» **Aim of the task**:
Repeat only the lines between the one with "主催サイトからのお申込フォー" and the end of the material below, both ends included. Omit any picture.

(Beginning of Given information)

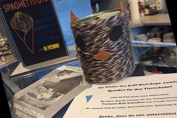 Die Spendendosen findet ihr bislang in folgenden Geschäften in Werl-Aspe: Stärker Sehen, Opitz Fußpflege, Bäckerei Schmidt, Eiscafe Lerose („Kleiner“ Eismann), Apotheke und Rumpelstilzchen.
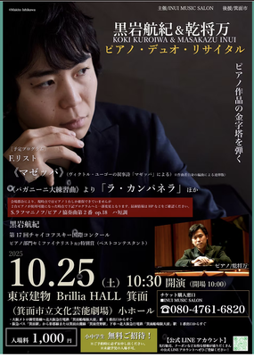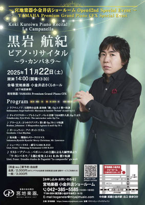 主催サイトからのお申込フォームhttps://www.miyajimusic.com/koganeishop/event/202511_koki_kuroiwa/
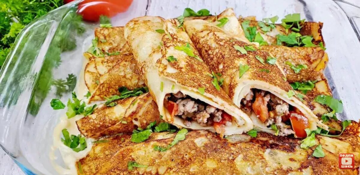 Блины с сочной начинкой можно кушать на обед и ужин, а также как перекус. Приятного аппетита
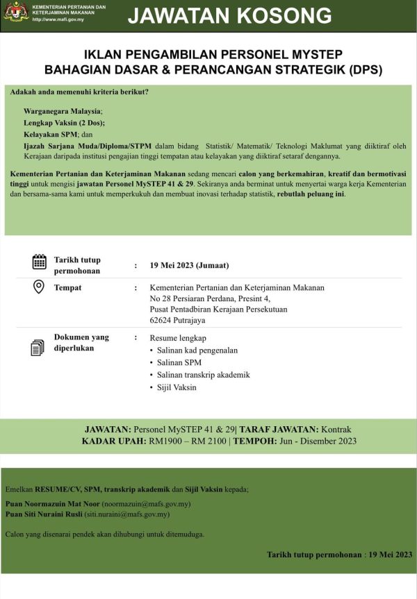 Iklan Jawatan Kementerian Pertanian Dan Industri Makanan (MAFI) Like serta Ikut Facebook Kami, follow Chanel WhatsApp Jawatan Kosong & Telegram Portal SPA9 untuk capaian pantas kekosongan jawatan daripada kami sekarang.

(End of Given information)

» **Answer to this exercise**:
 主催サイトからのお申込フォームhttps://www.miyajimusic.com/koganeishop/event/202511_koki_kuroiwa/
 Блины с сочной начинкой можно кушать на обед и ужин, а также как перекус. Приятного аппетита
 Iklan Jawatan Kementerian Pertanian Dan Industri Makanan (MAFI) Like serta Ikut Facebook Kami, follow Chanel WhatsApp Jawatan Kosong & Telegram Portal SPA9 untuk capaian pantas kekosongan jawatan daripada kami sekarang.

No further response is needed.